Colby School District looking at 23% tax levy hike


Residents of the Colby School District may see an increase in their property taxes after the school board approved a proposed budget for the 2025-26 school year and a corresponding tax levy at its budget hearing and annual meeting on Monday.
Though some figures in the budget will need to be finalized following information provided by the state in October, there will likely be a significant increase in the property tax levy.
While last year saw an initial tax levy decrease of roughly 14.3 percent, the actual unaudited levy increased by roughly 12.6 percent, going from $3.6 million in the 202324 budget to $4million in the 2024-25 final unaudited budget. An even larger potential hike was approved on Monday, with the proposed property tax levy reaching nearly $5 million with a mill rate of $7.11 per thousand, a roughly 23.6 percent increase.
The levy’s contributions to the district’s general fund and the referendum debt service fund both rose, leading to the overall increase. An increase from $2.4 million for the general fund in the 2024-25 budget to $2.7 million in the 2025-26 budget, and an increase from $1.3 million for debt payments in 2024-25 to $1.9 million for 2025-26 largely accounted for the difference.
Due to the recent passing a referendum in the fall of 2024, the expenditures for the Fund 39 Debt Service increased from roughly $700,000 for the 2024 25 school year to an estimated $1.8 million for 2025-26. This $1.8 million figure should remain relatively steady over the next five years. The overall proposed revenues and expenditures for the general fund will remain about the same as last year, coming in around the $15.5 million mark. Total budgeted expenditures for the district will go from $23.5 million in 2024-25 to $24.8 million for 2025-26.
Should the numbers hold, this would be the third straight year that district residents have seen a property tax increase.
A $5 million proposed levy would be roughly a 72 percent increase from when the tax levy was $2.9 million a decade ago in 2015. However, the equalized value of the property in the district has more than doubled in that time, going from $321 million in 2015 to what is an estimated $701 million in 2025. Equalized value is utilized in the formula for calculating the property tax levy.
“Part of (the increase) is from the state of Wisconsin, which we don’t control with the referendum,” superintendent Patrick Galligan explained when it was noted by a member of the public that residents may not be happy to see the property taxes increase. “The property values go up when they get reevaluated, and those kinds of things are beyond the control of the district.”

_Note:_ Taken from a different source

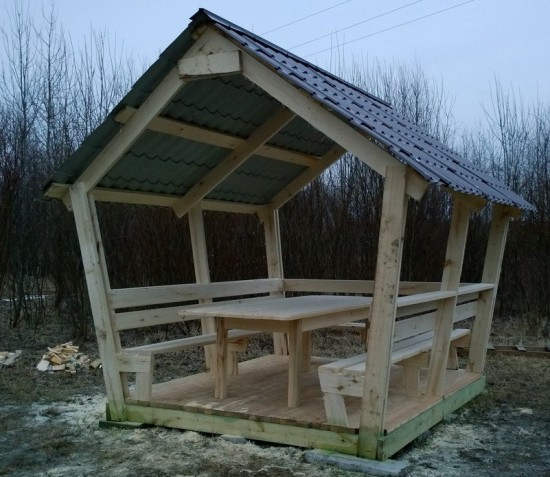 Такой вид беседки наиболее распространен. Ее часто предлагают к продаже на различных строительных рынках. Это вариант, когда у вас есть навес над головой, на стенках крепяться скамейки, посредине стоит стол, а с торцов имеются два захода (выхода).

“This is also partially from recommendations from Baird to help us try to make things consistent over the years so that we can work through this and we don’t have to have ups and downs for people’s taxes,” he added.
“As you know, the district for many years had the same levy, I believe it was $9.11 (for the mill rate), and then it’s been a little more fluctuated, but we are trying to be as consistent as we can,” he said. “But also, as part of the funding, we don’t want to lose out on funding for our students because with the state funding system the way it is, if we don’t increase, then we actually lose out on future years.”
During the discussion regarding the budget and proposed property tax levy, it was noted that while a 2023 partial veto from Gov. Tony Evers allows school districts to collect an additional $325 per student on an annual basis, where that money comes from is not always clear. A significant portion of the district’s general fund revenue, about 66 percent, comes from state sources, but there was no equivalent requirement for the state to fund the $325 per student annually, leaving districts to pull from local sources instead.
“We are allowed to move it up, but it’s going to come from our coffers rather than the state,” Galligan said. “We could lose out on additional funding in future years (if we don’t), so that is the trick.”
These figures stand to change and will be confirmed during the board’s October meeting.
Other business
â– The board approved a motion to discontinue the co-op between Colby and Abbotsford for the boys cross country team next year. The joint Colby/Abbotsford girls cross country programs split in 2020 and the Colby School Board initially approved a split between the boys in 2023 before reversing the decision and deciding to continue the co-op for two more years.
The decision will likely have the two separate Colby and Abbotsford teams competing in the WIAA Division 3 postseason competition, rather than the Division 2 races they have been a part of as a co-op in recent years.
■The district’s seclusion and restraint report was approved by the board at Monday’s meeting. There were no reported incidents across the three schools over the past school year, something that Galligan attributed to the staff and Crisis Prevention Institute training provided by high school principal Steve Wozniak and elementary principal Matt Cihlar.
“I think our principals do a really good job. Matt Cihlar and Steve Wozniak teach our CPI classes and I believe that helps our staff,” Galligan said. “It’s an organized training that really focuses in on before you get into a situation where you would have to use a hold, you try to talk a student down and deescalate.”